[Problem description]:
With pictures left out, retype the lines from the start of the records through the one that contains "A folk artist".

[Records excerpted from a collection]:
★ ★ ★ ★ ★

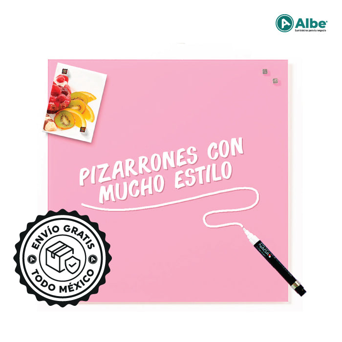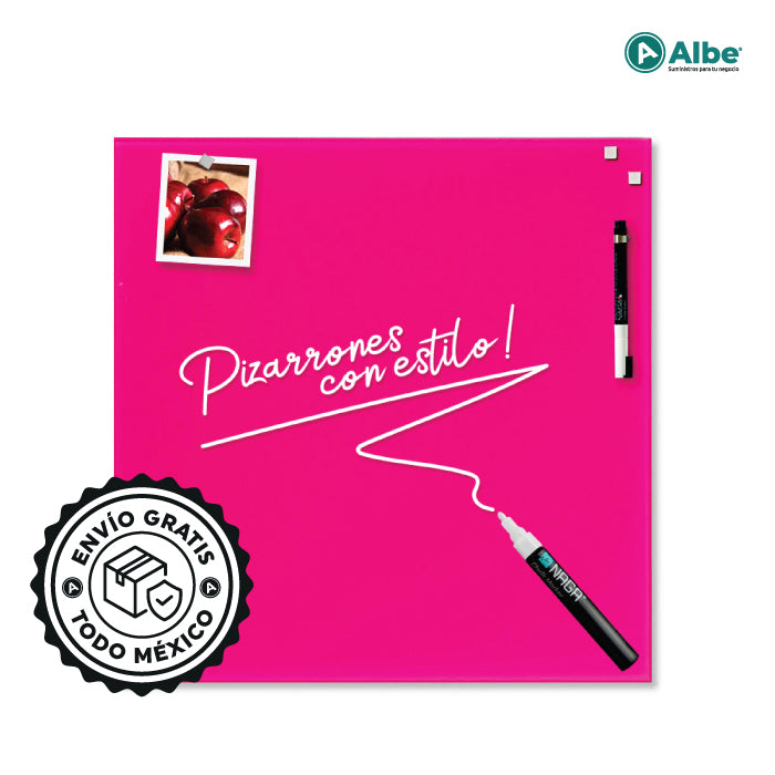 Pizarrón Cristal Imantado 45x45cm Rosa Marca NAGA
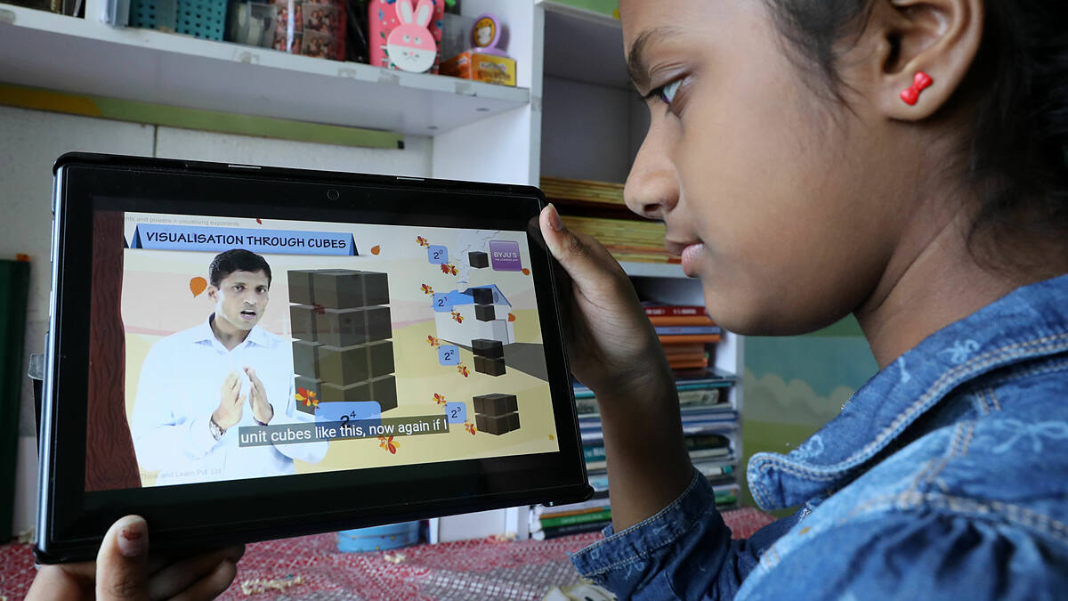 Một học viên tham gia học trực tuyến với ứng dụng Byju (Ấn Độ). Ảnh: Kosaku Mimura/Nikkei Asia. |
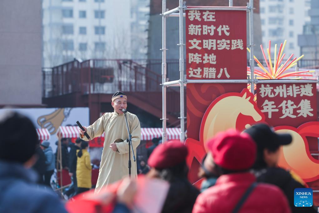 A folk artist performs "Xiao Re Hun", a traditional form of stand-up comedy in Hangzhou dialect, during a fair featuring intangible cultural heritage and Chinese New Year goods in Hangzhou, east China's Zhejiang Province, on Jan. 24, 2026. Kicking off in Hangzhou on Saturday, the event blends traditional festivities with modern trends, offering visitors an immersive experience of cultural crafts, holiday shopping, and folk performances. (Xinhua/Xu Yu)
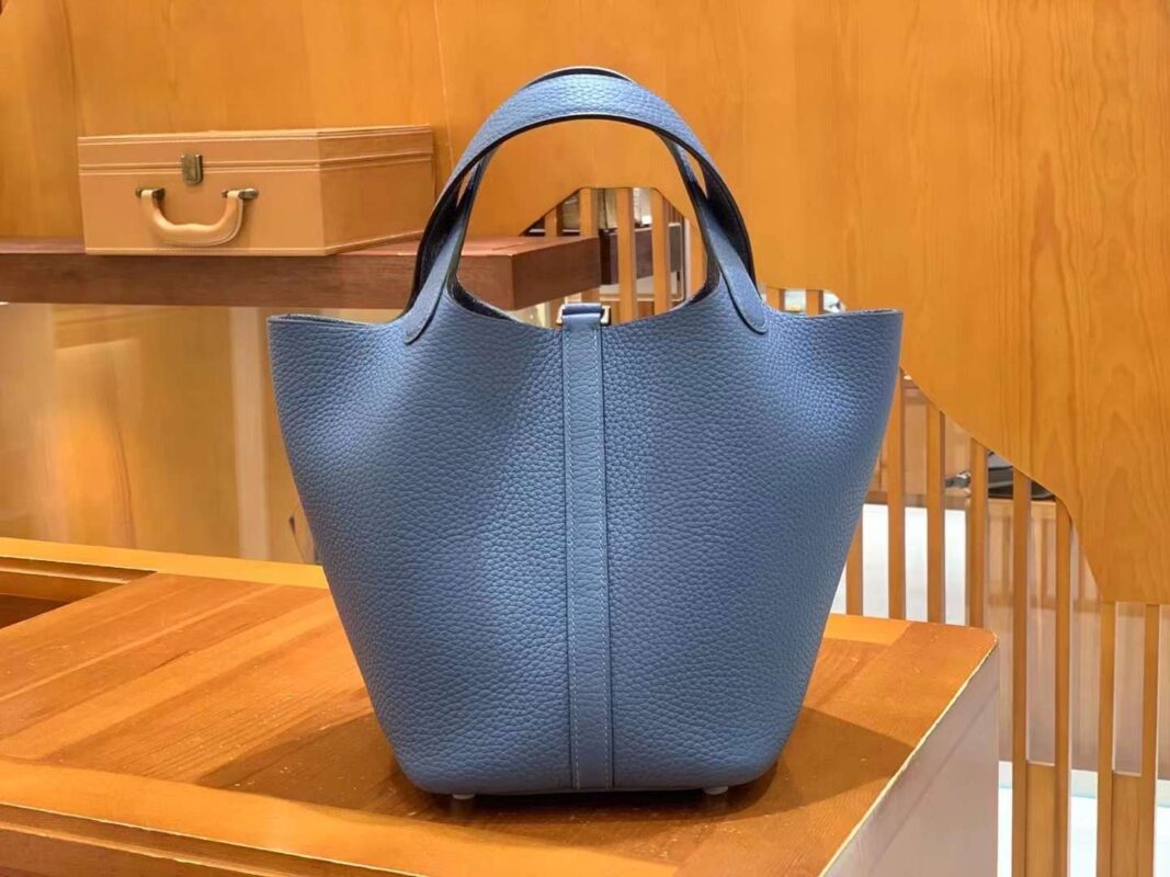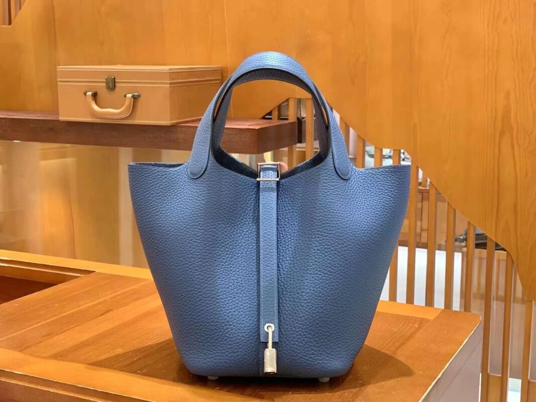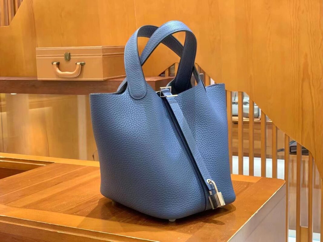 Picotin 18cm Agate Blue Imported TC cowhide. French beeswax thread. 100% hand-sewn.
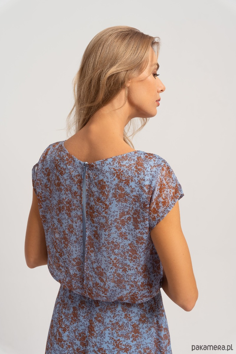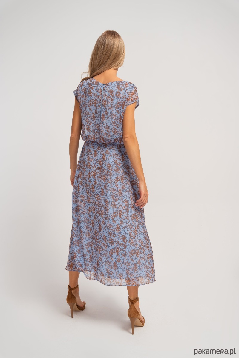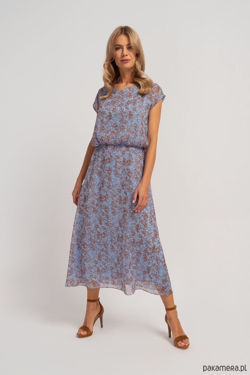 Długa sukienka maxi, uszyta ze zwiewnej, szyfonowej tkaniny. Bez rękawów, dekolt w klasyczny serek. Luźny swobodny krój, zebrany gumką w talii, podkreśla kobiecy charakter. Uniwersalna długość maxi. Sukienka zapinana jest z tyłu na kryty suwak, dodatkowo w tym miejscu znajduje się eleganckie rozcięcie. Model na błękitnej podszewce - dół lekko prześwitujący.
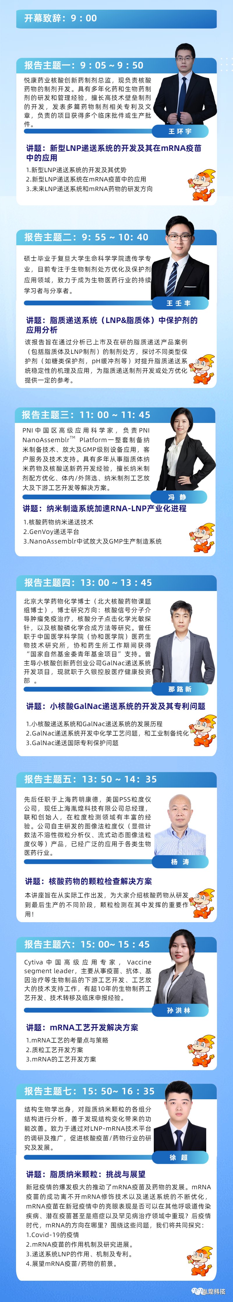 本屆核酸疫苗及藥物產業研討會,聚焦核酸疫苗及藥物的技術發展,大會將匯集核酸藥物產業、生物技術、核酸疫苗技術及醫藥行業的專家學者,共同探討核酸疫苗及藥物產業的發展趨勢,以及核酸疫苗與藥物的研發、生產、分析檢測、創新及應用等多領域話題。大會將邀請行業內優秀的專家講者,與與會嘉賓共同探討核酸疫苗及藥物產業的發展方向,以及如何推動業界融合發展、搭建科技創新平臺、建設質量可持續發展生態系統等問題。

★ ★ ★ ★ ★

[Task output]:
 Pizarrón Cristal Imantado 45x45cm Rosa Marca NAGA
 Một học viên tham gia học trực tuyến với ứng dụng Byju (Ấn Độ). Ảnh: Kosaku Mimura/Nikkei Asia. |
 A folk artist performs "Xiao Re Hun", a traditional form of stand-up comedy in Hangzhou dialect, during a fair featuring intangible cultural heritage and Chinese New Year goods in Hangzhou, east China's Zhejiang Province, on Jan. 24, 2026. Kicking off in Hangzhou on Saturday, the event blends traditional festivities with modern trends, offering visitors an immersive experience of cultural crafts, holiday shopping, and folk performances. (Xinhua/Xu Yu)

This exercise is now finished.